Say I've started program and it continues writing some output to stdout. Is there some way to add a pipe so that I can, for example, count the number of lines it has produced with wc -l?

  • 1
    It may be possible, but how that would be done is probably dependent on what Unix you are using. – Kusalananda May 25 '18 at 20:41

You can do this in Linux. Say there's a script s:

echo my pid: "$$"
while true; do
    echo "$i"; ((i++)); sleep 1; 

Run it:

$ ./s
my pid: 8815

And so it goes... Now you need gdb to attach to the process.

gdb -p 8815

Now you're in gdb. Here do this:

p close(1)

This has closed the STDOUT file descriptor. Now open a new one:

p creat("/tmp/8815.out", 0600)

In another terminal you can already set the reading process:

tail -f /tmp/8815.out

Nothing's coming yet, as you need to detach from gdb in the other terminal.
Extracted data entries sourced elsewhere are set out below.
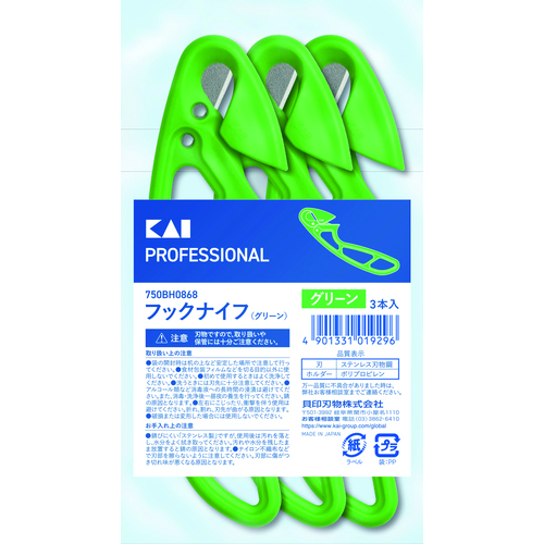 貝印刃物 異物混入対策フックナイフ(グリーン)3本入 750BH0868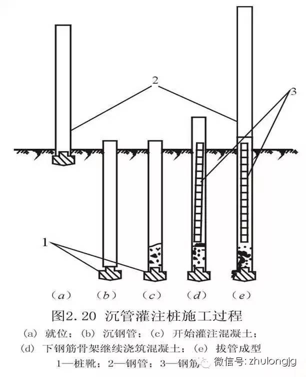 沉管灌注桩是利用锤击打桩设备或振动沉桩设备,将带有钢筋混凝土的桩尖(或钢板靴)或带有活瓣式桩靴的钢管沉入土中(钢管直径应与桩的设计尺寸一致),造成桩孔,然后放入钢筋骨架并浇筑混凝土,随之拔出套管,利用拔管时的振动将混凝土捣实,便形成所需要的灌注桩。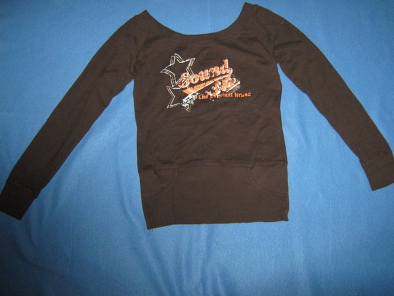 Ausgefallen * stylisch * Off Shoulder * Carmen- Ausschnitt * Glitzer Print * DESIGNER * Longsleeve * Langarm * T- Shirt * Gr. 36- 38/ S * schoko- braun * orange *

Either Ctl+D, or:

Quit anyway? (y or n) 

Confirm with y and Enter. And now you should see (where the tail is running) something like this:


If you prefer to use an already existing file or pipe, do this in gdb:

p open("/path/to/your/output", 1)

This illustrates redirecting STDOUT. It's similar with STDERR, only it has number 2.

I used these two answers:


You can use tee when you start the program. If you're using bash, you can do:

program > >(tee -a log.txt)

That will redirect the stdout of program to a process substitution running tee. That essentially writes a copy of the stdout of program to log.txt. tee will continue to send the stdout to wherever it was going before, probably the terminal depending on how program works.